Fedora Loses Infrastructure Services in Surprise Outage
An unplanned outage struck the Fedora Project early this morning, taking down elements of the project's infrastructure including the package buildsystem, a number of infrastructure-related databases, and the websites for several of the services maintained by the Fedora Infrastructure team, among others.
According to the support ticket entered by Ricky Zhou, the outage began around 8:10 UTC (3:10 EST/2:10 CST) this morning with the crash of the team's database server, db3. Zhou was able to confirm file corruption on the machine, immediately contacted Infrastructure Lead Mike McGrath.
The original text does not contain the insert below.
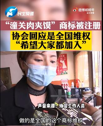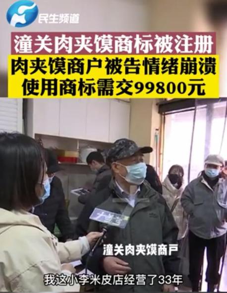 据河南广播电视台《大参考》报道,11月21日,河南几十家小吃店的商户们求助,称他们卖的肉夹馍因带“潼关”俩字,被陕西“潼关肉夹馍协会”告了,要求他们赔偿3至5万元不等,想要使用“潼关肉夹馍”这个商标,需缴纳99800元。商户们告诉记者,和他们有类似经历的小吃店,全国有上百家。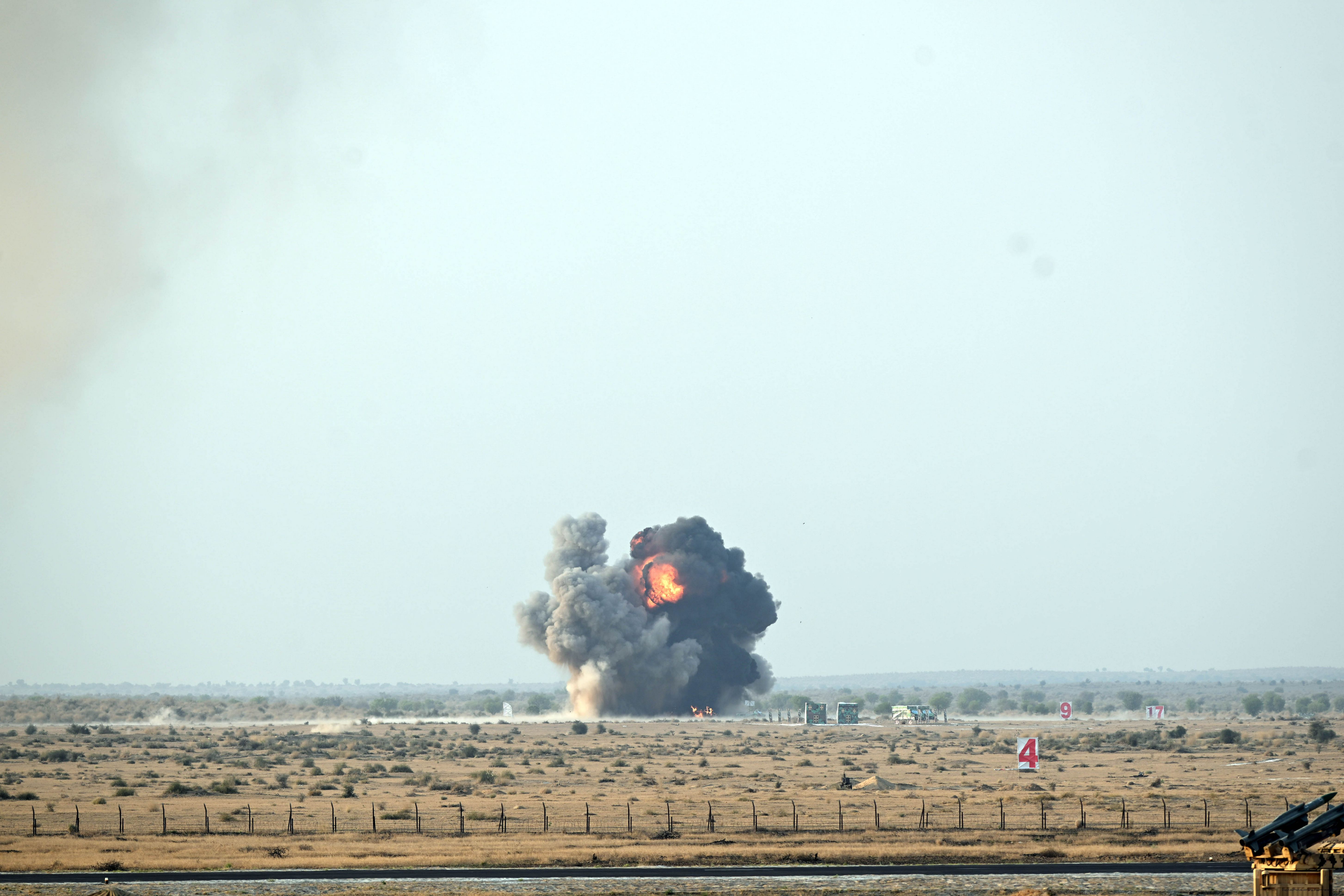 | Caption: | The President of India, Smt Droupadi Murmu witnessed the ‘Vayu Shakti–2026’ exercise at the Pokhran Firing Range, Jaisalmer, Rajasthan on February 27, 2026. |

At 8:41 UTC, Zhou notified the Fedora community of the outage by email, noting that the Koji package buildsystem, all databases on the affected server, several websites — including the project's wiki, its Smolt live instance, and Transifex live instance — were offline, and that translation services were unavailable. He went on to note that core services including CVS, DNS, mail, and Fedora Hosted, Fedora People, and Fedora Talk were unaffected.
At 10:05 UTC, Infrastructure Lead Mike McGrath noted in the trouble ticket that while there was little concern over corruption to the server's /, where no data is stored, "issues" were also discovered on /backup, from which db1 was running at the time. After several hours of diagnosis, the ticket was updated to note that IBM would be replacing the raid controller and motherboard for the machine, noting that the motherboard would take an indeterminate amount of time to install. McGrath also noted that the machine's last backup appeared to be complete, reducing the potential data loss window to around nine hours. A later note indicates that after copying off db3's files, only /var/lib/pgsql/data/base/19461/pg_internal.init was found to be corrupt.
Just before 15:00 UTC (10:00 EST/9:00 CST), McGrath again updated the status, noting that an interim db3 was established in a guest machine on the project's xen3 server, and that the team would wait for IBM to install the replacements, then transfer the data back to db3 during another — planned — outage. As of press time, the last note to the ticket indicates that IBM did not replace the motherboard, but did replace the backplane, and that after performing fsck as needed, the box would be placed under general load for twenty-four hours.
For now, a cursory inspection shows the affected websites back online, and with them presumably their respective databases. Koji is reportedly also once again online and available. Fedora users should be prepared for at least one further outage as services are transferred back to db3, but it appears, for now, that the sky is no longer falling.